Fu così che dopo una telefonata della serie “oggi a mezzogiorno arrivano tizio e caio”, (questo intorno alle 9.30 del mattino) e dopo aver corso fra cucina, sala e frigorifero in preda al panico, guardo in frigo con più calma. Avevo i classici “avanzi delle feste”. Ovviamente non roba andata a male, ma roba che mi era rimasta da preparazioni precedenti.

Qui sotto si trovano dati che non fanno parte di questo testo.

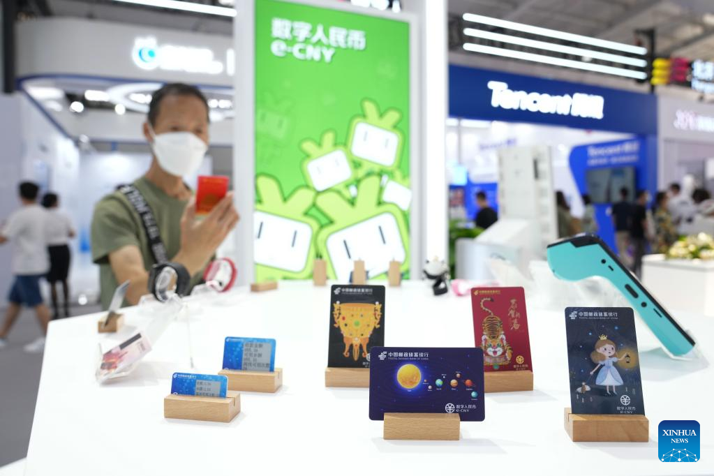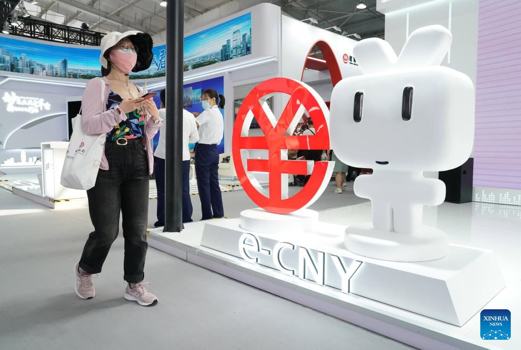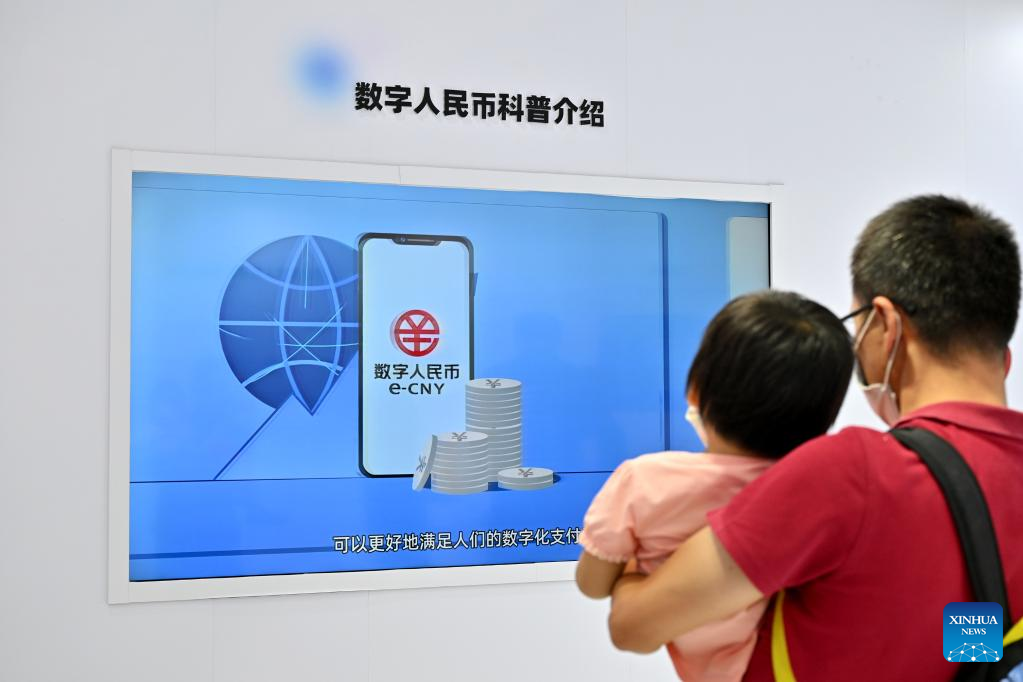 Visitors learn about e-CNY (digital yuan) at an exhibition of financial services during the 2022 China International Fair for Trade in Services (CIFTIS) at the Shougang Park in Beijing, capital of China, Sept. 4, 2022. (Xinhua/Li Xin)
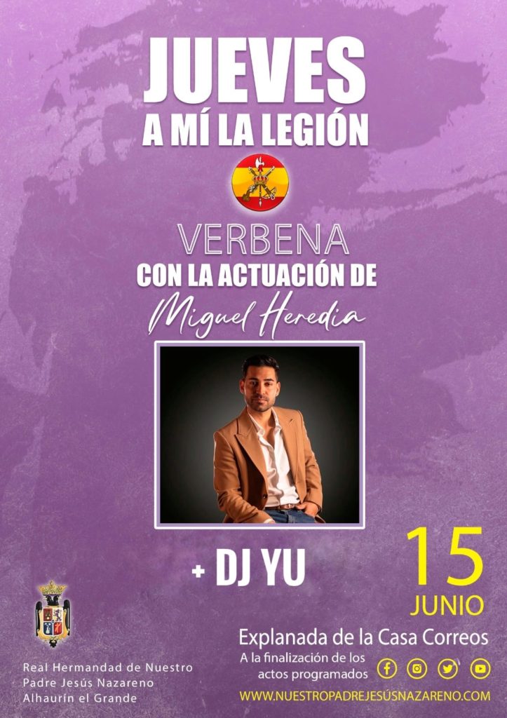 El próximo jueves 15 de junio, a la finalización de los actos programados en la Ermita de San Sebastián, tendrá lugar la Verbena "A mi la Legión" en la explanada de la Casa de Correos con la actuación de, Miguel Heredia y DJ Yull Fiction, Francisco Plaza Bravo...
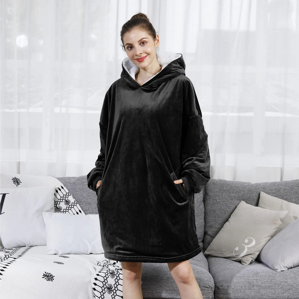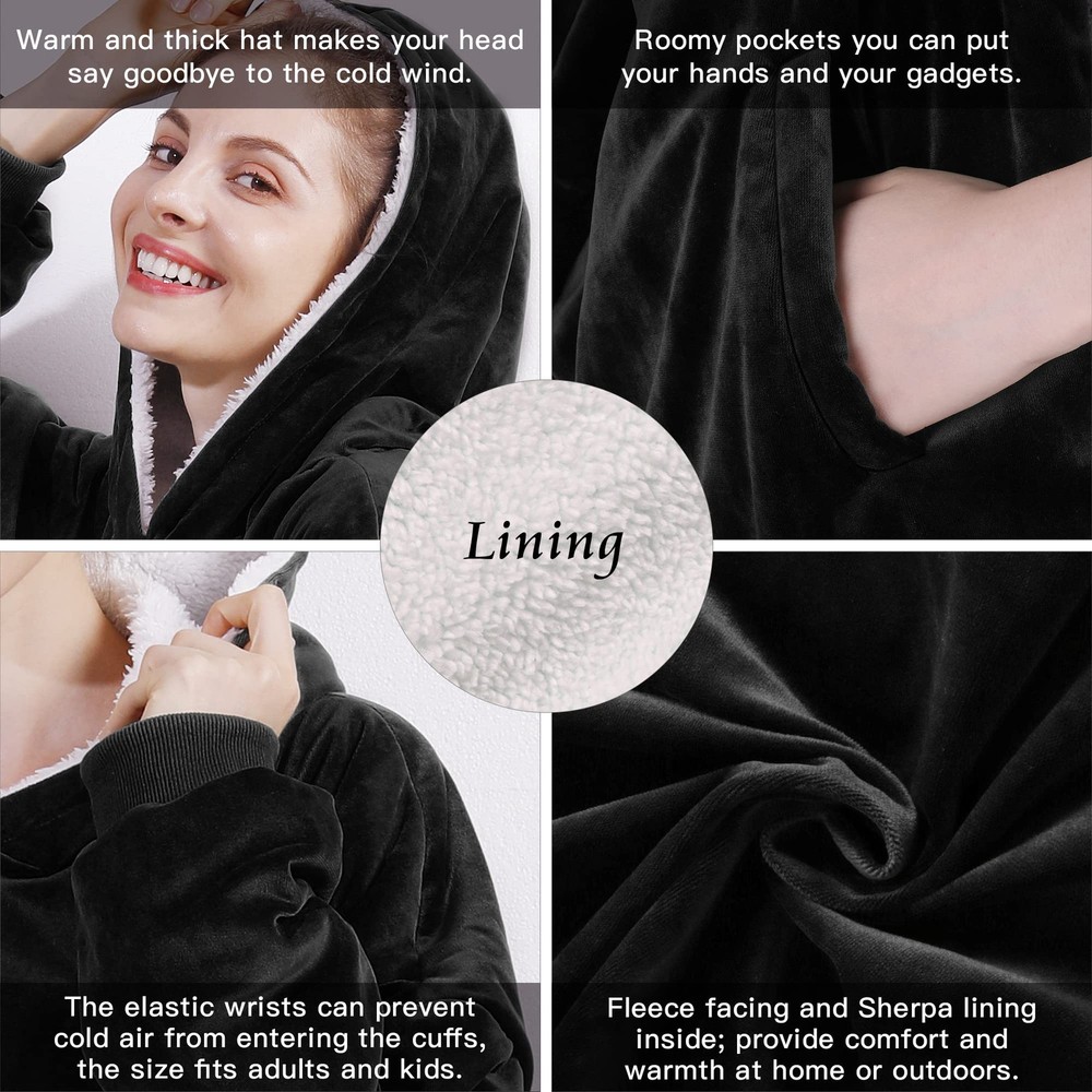 [Autumn Winter Essentials]- Are you still afraid to go out because of the cold? With this blanket sweatshirt, you can say goodbye to the cold. Because our sweatshirt blanket is made with super soft microfiber fleece on the front and Sherpa lining on the other. While providing you with warmth, let you free yourself without hindrance. [Multifunctional Purpose]- The blanket sweater is not limited to indoor reading, watching TV, blanket sweater can be used for outdoor sports, sports events, camping, beaches and almost any place and used as school uniforms, girlfriends clothes, couples clothes, parent-child clothes, warm pajamas. In this way, you can share warmth and joy with your friends, lovers, and family together. [Moving Wearable Blanket]- The wearable blanket adult is equipped with giant front pockets that can store your mobile devices, such as phone, remote controls, also snacks. The blanket with sleeves, oversized hood, elastic cuffs and wide neck design which allow you to move your limbs and body easily. It can be used as girlfriend gifts, boyfriend gifts, wife gifts, husband gifts, best friend gifts, business partner gifts, kids wearable blankets gifts and so on. [One Size Multi Color Fit All]- Our hooded blanket is one size for adults and teenagers, but hooded blanket has different colors optional. Both men and women are suitable. Welcome to buy, please refer to the product details for specific colors, there is always a color for you. It is the best gifts choice, can be birthday gift, funny gifts, cute gifts, unique gifts, gag gifts, anniversary gifts, sloth gifts. [Washing Instructions]- Hand wash or machine wash with cold water. Wash separately before using blanket sweatshirt for the first time. At important festivals or moments, sweatshirt blanket fleecehug hoodie is the best choice for College gifts, Christmas day gifts, Thanksgiving day gifts, Valentines day gifts, Halloween day gifts, Mothers day gifts, Father day gifts. Let the warmth always be with everyone.
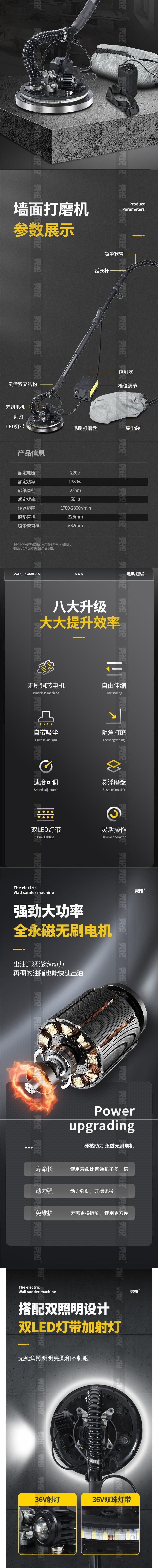 새로운 브러시리스 수정 된 이중 램프 초경량 흡입 상단 벽 연삭 기계 퍼티 먼지가없는 자체 진공 청소기 긴 막대 모래 피부 기계스토어 가기
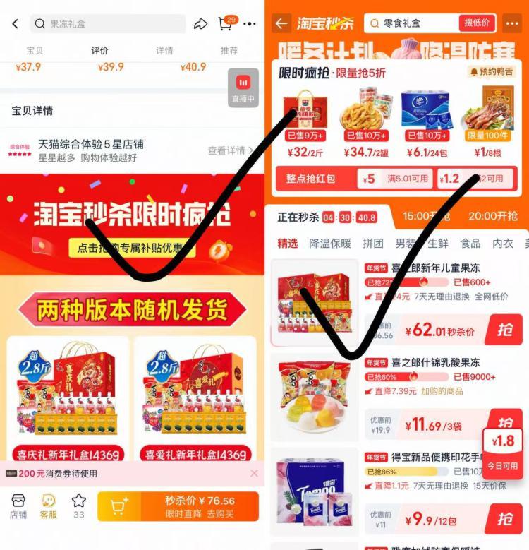 喜之郎年货礼盒1436g*2元62 - 1.如图下划详情进入淘宝秒杀好单发报员2026年01月22日 13:460举报 喜之郎年货礼盒1436g*2元62-1.如图下划详情进入淘宝秒杀2.找到商品后,直接拍下即可https://m.tb.cn/h.7oPviEM复制文案

Ok bene, non devo uscire di corsa per comprare. Posso fare con quello che ho a disposizione. Ed in effetti questo piatto è fatto con quello che io chiamo “scovazzume da frigo”, cioè prendere quello che avanza, perché il cibo non si butta mai via, e cercare di assemblarlo in modo da farlo diventare commestibile.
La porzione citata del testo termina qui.